## The problem
For the records that follow, please set down exactly the lines between the one holding "вопросы учителя, получив" and the one holding "Alte rustikale Holzhütte", inclusive, and only those.
::: Entries provided
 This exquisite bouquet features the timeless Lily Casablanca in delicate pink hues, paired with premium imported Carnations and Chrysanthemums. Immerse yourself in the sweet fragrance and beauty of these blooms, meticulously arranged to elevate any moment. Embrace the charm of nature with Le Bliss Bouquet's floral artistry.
::::::
::: Entries provided
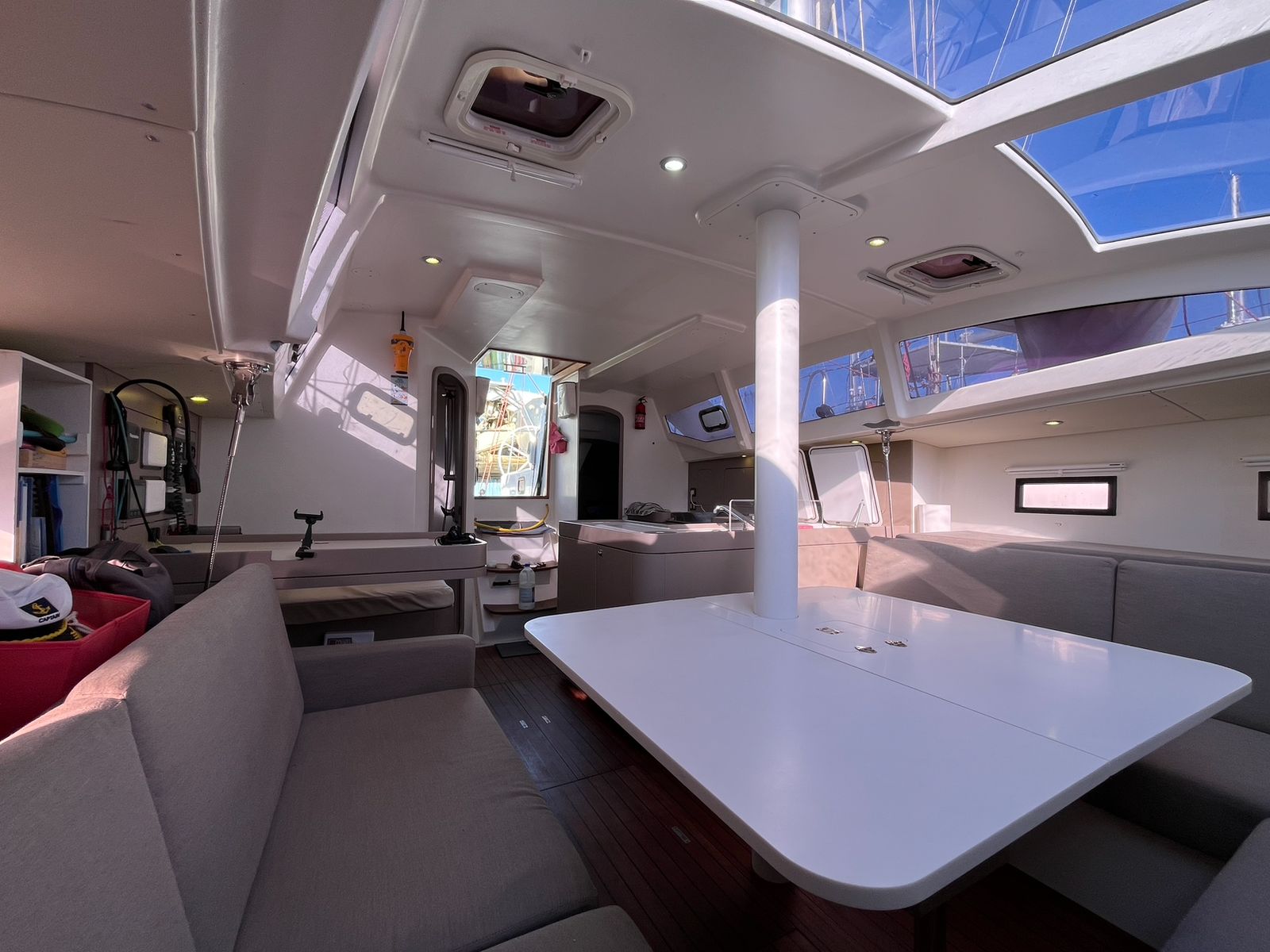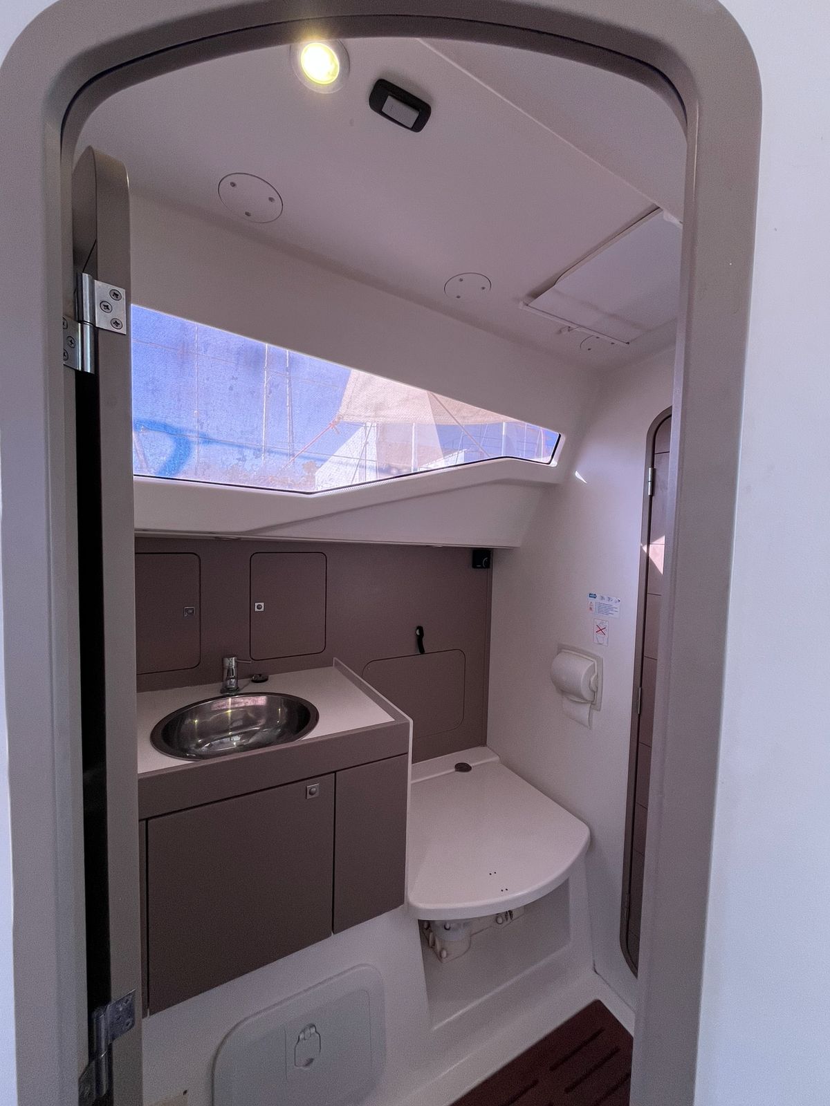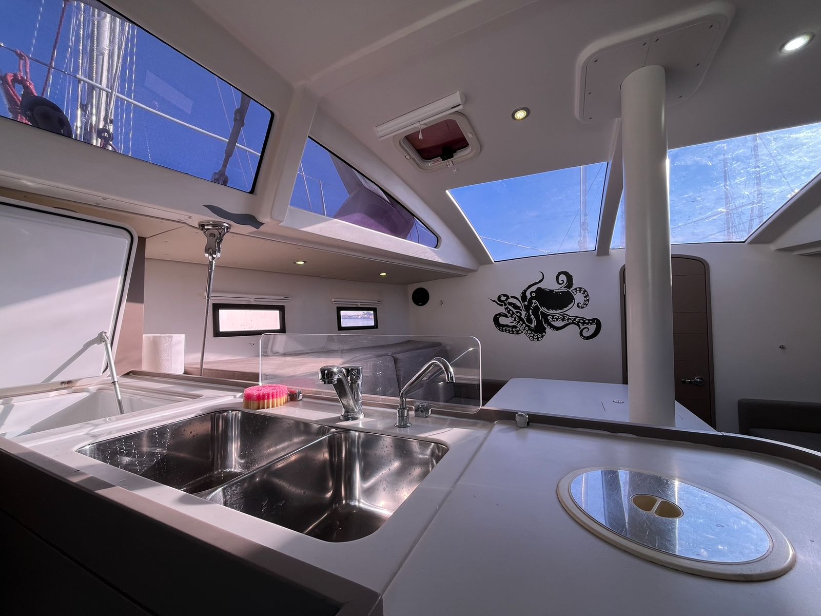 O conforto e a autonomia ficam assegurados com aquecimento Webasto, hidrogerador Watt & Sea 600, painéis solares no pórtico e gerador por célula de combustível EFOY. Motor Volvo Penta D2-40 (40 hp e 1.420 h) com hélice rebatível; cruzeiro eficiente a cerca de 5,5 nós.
::::::
::: Entries provided
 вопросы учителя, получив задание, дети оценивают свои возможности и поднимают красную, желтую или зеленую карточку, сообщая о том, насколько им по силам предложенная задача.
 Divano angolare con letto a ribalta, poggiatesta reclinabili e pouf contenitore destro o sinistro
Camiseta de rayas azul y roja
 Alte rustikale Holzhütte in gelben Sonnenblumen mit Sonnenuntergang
::::::
## Exercise response
 вопросы учителя, получив задание, дети оценивают свои возможности и поднимают красную, желтую или зеленую карточку, сообщая о том, насколько им по силам предложенная задача.
 Divano angolare con letto a ribalta, poggiatesta reclinabili e pouf contenitore destro o sinistro
Camiseta de rayas azul y roja
 Alte rustikale Holzhütte in gelben Sonnenblumen mit Sonnenuntergang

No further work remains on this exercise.